Crown of Thorns2 Corinthians 11:16-33Theme: Boasting in weakness.This week’s lessons teach us that our weakness reveals God’s strength. LessonIt is helpful for us, perhaps, to divide Paul’s experiences into categories. I see a number of them. He speaks first of his ancestry. These false apostles had come to Corinth and boasted that they were Jews, true Israelites, members of the covenant people, children of Abraham. But Paul defended himself by writing, “What anyone else dares to boast about – I am speaking as a fool – I also dare to boast about. Are they Hebrews? So am I. Are they Israelites? So am I. Are they Abraham’s descendants? So am I” (2 Cor. 11:21-22). When he begins to talk of his apostleship, he mentions his ancestry first of all.
Secondly, Paul mentions his persecutions: “Are they servants of Christ? (I am out of my mind to talk like this.) I am more. I have worked much harder, been in prison more frequently, been flogged more severely, and been exposed to death again and again” (2 Cor. 11:23). He also wrote about receiving from the Jews the forty lashes minus one. Three times he was beaten with rods. Once he was stoned. Three times he was shipwrecked, and he had spent a night and a day in the open sea.

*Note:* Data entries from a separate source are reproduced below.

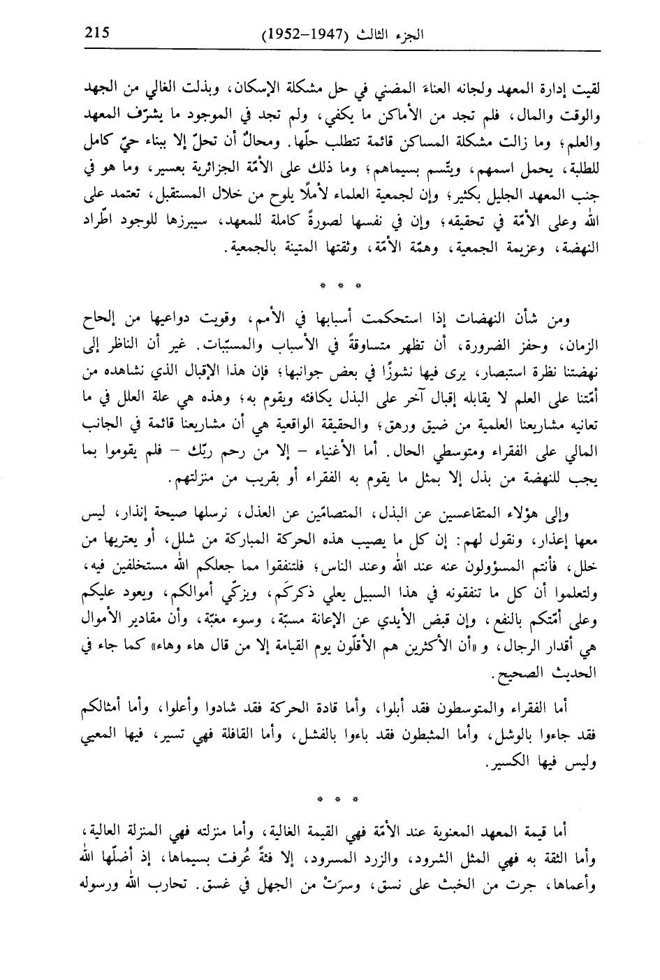 لقيت إدارة المعهد ولجانه العناءَ المضني في حل مشكلة الإسكان، وبذلت الغالي من الجهد والوقت والمال، فلم تجد من الأماكن ما يكفي، ولم تجد في الموجود ما يشرّف المعهد والعلم، وما زالت مشكلة المساكن قائمة تتطلب حلّها. ومحالٌ أن تحلّ إلا ببناء حيّ كامل للطلبة، يحمل اسمهم، ويتّسم بسيماهم؛ وما ذلك على الأمّة الجزائرية بعسير، وما هو في جنب المعهد الجليل بكثير، وإن لجمعية العلماء لأملًا يلوح من خلال المستقبل، تعتمد على الله وعلى الأمّة في تحقيقه، وإن في نفسها لصورةً كاملة للمعهد، سيبرزها للوجود اطّراد النهضة، وعزيمة الجمعية، وهمّة الأمّة، وثقتها المتينة بالجمعية.
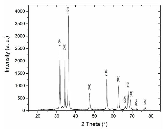 The ZnO NPs have been characterized using X-ray diffraction (XR) to evaluate the crystallographic quality of the sample using a Rigaku D-Max/Ultima (Tokyo, Japan) working at 40 kV with a Cu Kα radiation. In the XRD pattern (Figure 5), the resulting peaks correspond to the pure hexagonal wurtzite phase of ZnO []. These results allowed us to see that no other ZnO phases or impurities are present in the sample.
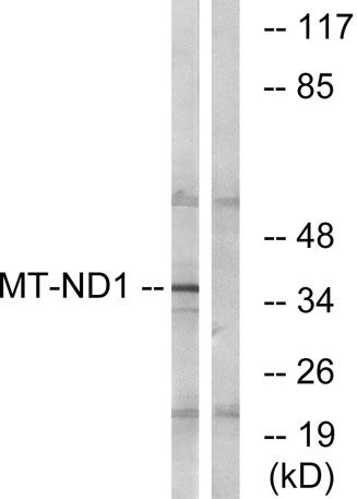 The antiserum was produced against synthesized peptide derived from human MT-ND1. AA range:176-225
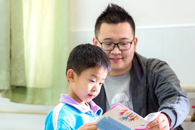 一年級的小朋友在識文斷字上尚有不足,即便面對彩繪版的《未成年人保護法》讀起來也略顯生澀,為此,志愿者們協調分工,力爭做到1對1或者1對3的合理分配,逐字逐句的教小朋友認字、斷句、讀法律條文,學習法條內容,并且通過解讀圖片講解自我保護的方法和相關知識。
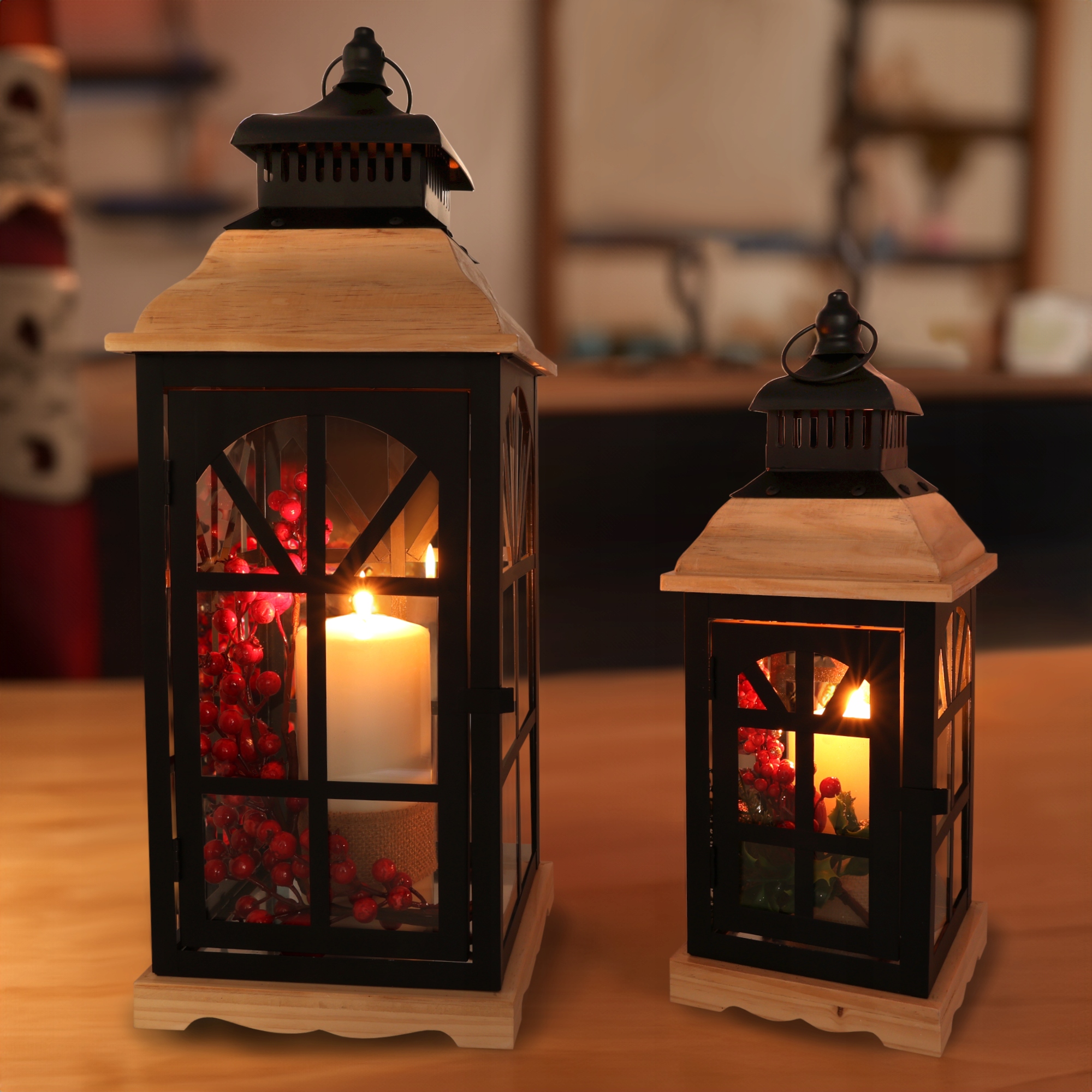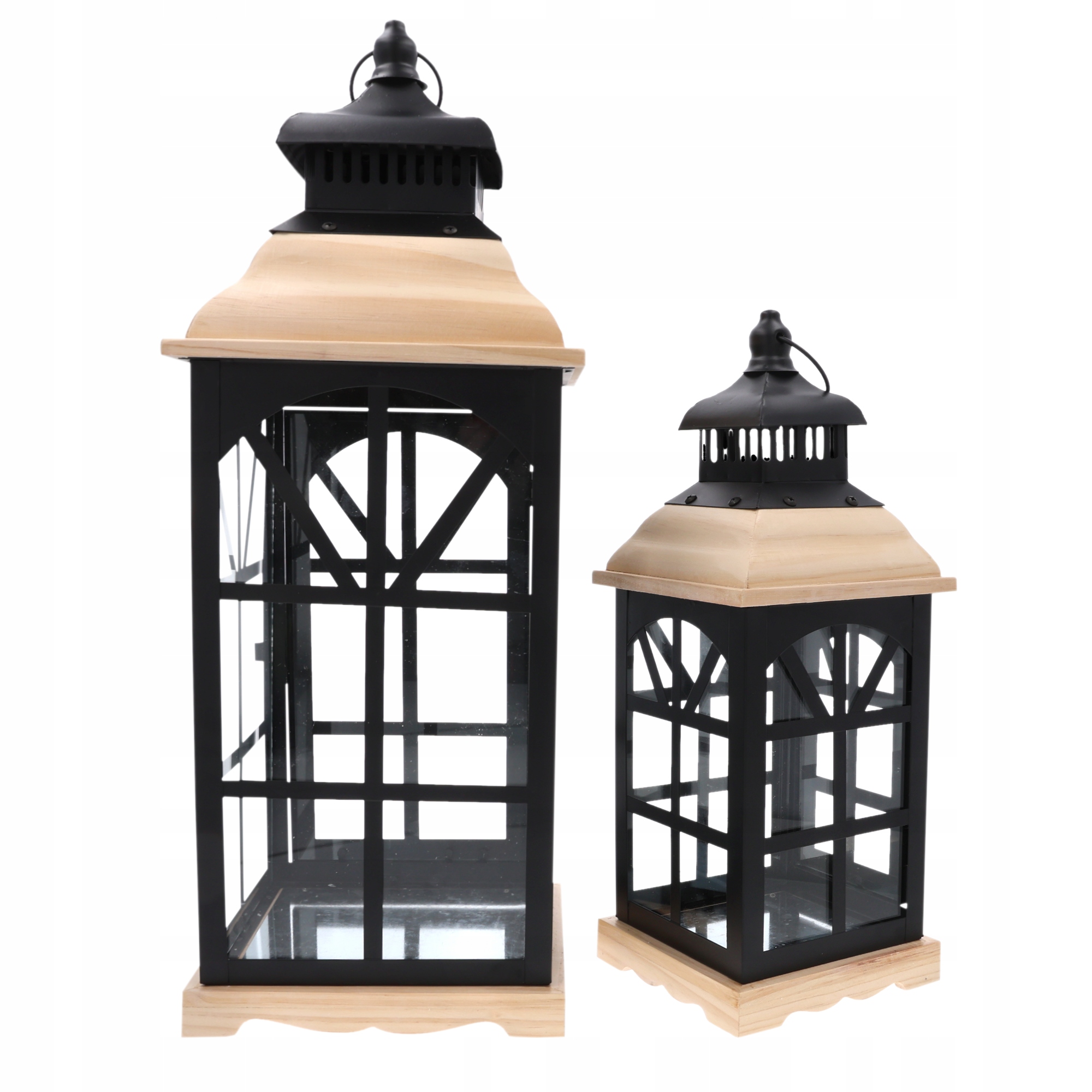 Nowoczesne lampiony wykonane z metalu, szkła i drewna.

That is quite a list of persecutions when you think about it. When Paul speaks about the forty lashes minus one, he was speaking about a particular Jewish punishment. The law required that a person not receive more than forty stripes. The Jews paid careful attention to the details of the law so they always gave thirty-nine lashes, one short of the prescribed number in case, by some accident, there was a miscount. In their punishments, the Romans were not so scrupulous.
Paul was also stoned once. That was the usual way of killing a person. We find that incident in the Book of Acts, where they actually dragged Paul outside the city, thinking he was dead. But God ministered to him, perhaps in a supernatural way, because Paul was able to rise up and went on his way again. Paul also mentioned being shipwrecked, something else he endured for the sake of carrying the Gospel to the Gentile world. That is impressive. Also, we know that people sometimes died under the administration of forty lashes, yet here Paul had received those things again and again.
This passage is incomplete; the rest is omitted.